Task description
Do not include the pictures; repeat the rest of the data exactly.

Supplied information
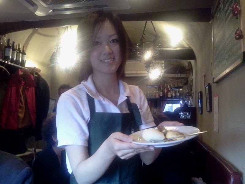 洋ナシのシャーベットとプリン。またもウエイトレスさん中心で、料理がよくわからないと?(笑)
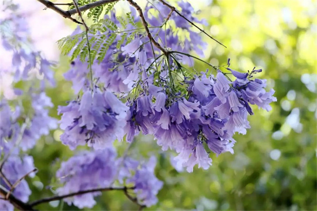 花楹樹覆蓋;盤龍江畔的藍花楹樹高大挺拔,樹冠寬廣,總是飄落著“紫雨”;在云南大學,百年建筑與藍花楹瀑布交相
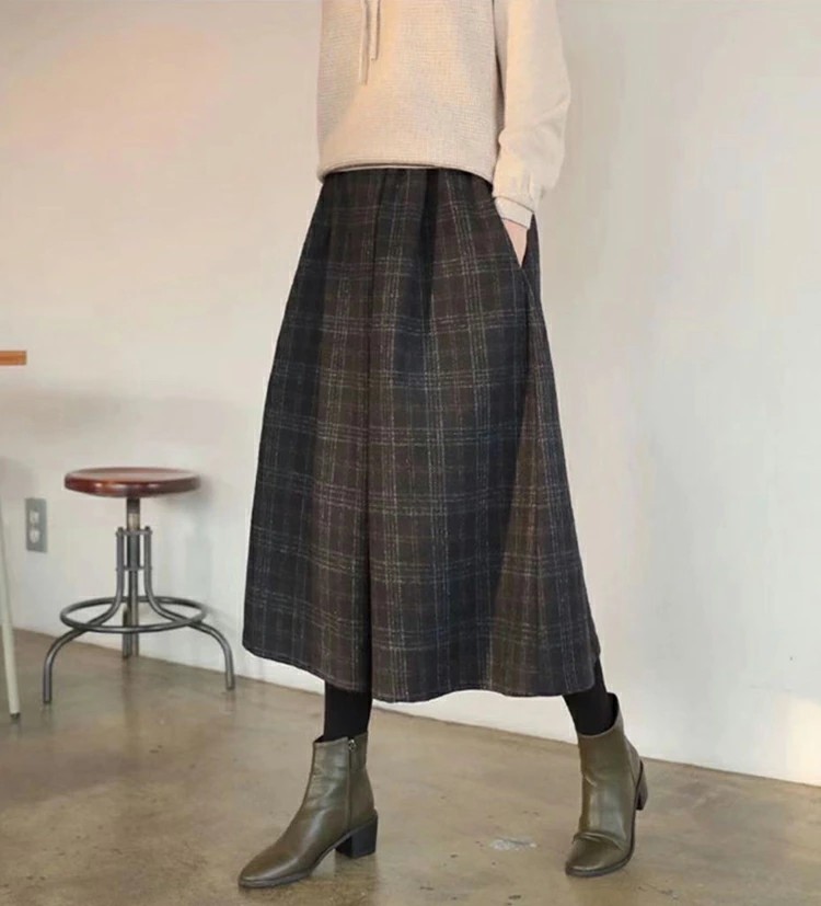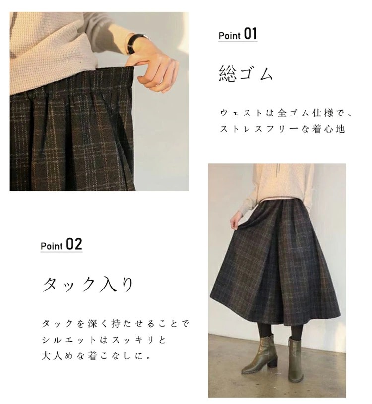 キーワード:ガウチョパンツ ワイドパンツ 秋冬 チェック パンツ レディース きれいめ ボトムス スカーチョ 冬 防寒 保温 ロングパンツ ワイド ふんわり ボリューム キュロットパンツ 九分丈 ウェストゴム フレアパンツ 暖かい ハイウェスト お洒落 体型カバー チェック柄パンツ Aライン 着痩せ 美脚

Problem solution
 洋ナシのシャーベットとプリン。またもウエイトレスさん中心で、料理がよくわからないと?(笑)
 花楹樹覆蓋;盤龍江畔的藍花楹樹高大挺拔,樹冠寬廣,總是飄落著“紫雨”;在云南大學,百年建筑與藍花楹瀑布交相
 キーワード:ガウチョパンツ ワイドパンツ 秋冬 チェック パンツ レディース きれいめ ボトムス スカーチョ 冬 防寒 保温 ロングパンツ ワイド ふんわり ボリューム キュロットパンツ 九分丈 ウェストゴム フレアパンツ 暖かい ハイウェスト お洒落 体型カバー チェック柄パンツ Aライン 着痩せ 美脚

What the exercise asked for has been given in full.